Хм… Достаточно ли часто он произносил «ваш корабль», чтобы Морган убедился: Эндер понимает командную иерархию?
Улыбка Моргана ничуть не изменилась.
– Буду счастлив пообщаться с вами в любое время. Сэр, для меня честь приветствовать вас на моем корабле.
– Прошу, сэр, не надо называть меня «сэр», – сказал Эндер. – Мы оба знаем, что я адмирал лишь номинально. Я не хочу, чтобы колонисты слышали, что меня называют иначе чем «мистер Виггин» – да, впрочем, и это слишком. Могу же я быть просто Эндером. Или Эндрю, если вы предпочитаете обращаться ко мне формально. Как вы на это смотрите? Не угрожает ли это дисциплине на корабле?
– Полагаю, это не идет вразрез с дисциплиной, а потому пусть будет по-вашему, – ответил адмирал. – А сейчас энсин Акбар проводит вас и вашу сестру в каюту. Поскольку очень немногие пассажиры решили проделать путь бодрствуя, всем достались каюты примерно одинаковой площади. Это ответ на вашу просьбу не выделять вам чрезмерно просторных апартаментов.
– А ваша семья, сэр? – спросил Эндер.
– Я добился расположения руководства, и оно родило мне карьеру, – сказал Морган. – Женат на Межзвездном флоте. Короче, как и вы, лечу холостяком.
Эндер осклабился:
– Думаю, нашему холостяцкому положению недолго оставаться незыблемым.
– Наша задача – воспроизводство нашего вида вне Земли, – кивнул Морган. – Но полет пройдет более гладко, если мы постараемся сохранить холостяцкое положение до его окончания.

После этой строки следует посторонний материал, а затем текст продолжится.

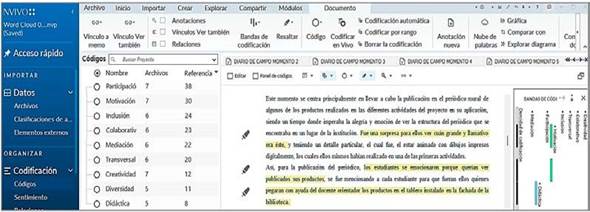 En el marco de esta investigación, se llevó a cabo un proceso de codificación y análisis de los registros recopilados, que incluyeron diarios de campo y entrevistas con docentes. Para llevar a cabo este proceso, se utilizó la herramienta de análisis cualitativo NVivo 14, que permitió identificar y categorizar los elementos más representativos que se visualizaron durante la intervención del proyecto. La Figura 13, que se presenta a continuación, destaca los hallazgos más relevantes en orden de importancia: participación, motivación, inclusión, colaboración, mediación, transversalidad, creatividad, diversidad y didáctica.

– Мое охраняет невежество юности, – сказал Эндер, – а ваше – служебная субординация. Благодарю вас за личную встречу – это высокая честь. В последние несколько дней я мало спал. Надеюсь, мне простят, если я залягу в спячку часов на восемнадцать. Боюсь, я пропущу начало ускорения.
– Его все пропустят, господин Виггин. Гашение инерции на этом корабле – на высшем уровне. На самом деле мы уже ускоряемся при двух g, и все же единственная ощутимая гравитация – центростремительное ускорение при вращении корабля.
– Это странно, – заметила Валентина. – Ведь центростремительное ускорение тоже инерциальное. Я бы сказала, оно тоже должно подавляться.
– Подавление инерции имеет четкую направленность, оно воздействует лишь на перемещение корабля вперед, – пояснил Морган. – Мисс Виггин, прошу прощения, я почти проигнорировал вас. Боюсь, слава и ранг вашего брата отвлекли меня настолько, что я позабыл о хороших манерах.
– Вы не обязаны их проявлять, – легко рассмеявшись, ответила Валентина. – Я иду просто в нагрузку к нему.
На этом они расстались, и энсин Акбар проводил Эндера и Валентину в каюту. Это помещение не было огромным, но оно было хорошо оборудовано. Энсин потратил несколько минут на то, чтобы показать, где хранится одежда, припасы и оборудование и как пользоваться внутренней связью корабля. Акбар также настоял на том, чтобы разложить обе койки и затем убрать их снова вверх, зафиксировав так, чтобы они не мешали. Так что Эндер и Валентина прошли полный инструктаж. Затем Акбар показал им, как опускать и поднимать жалюзи, превращающие каюту в две отдельные спальни.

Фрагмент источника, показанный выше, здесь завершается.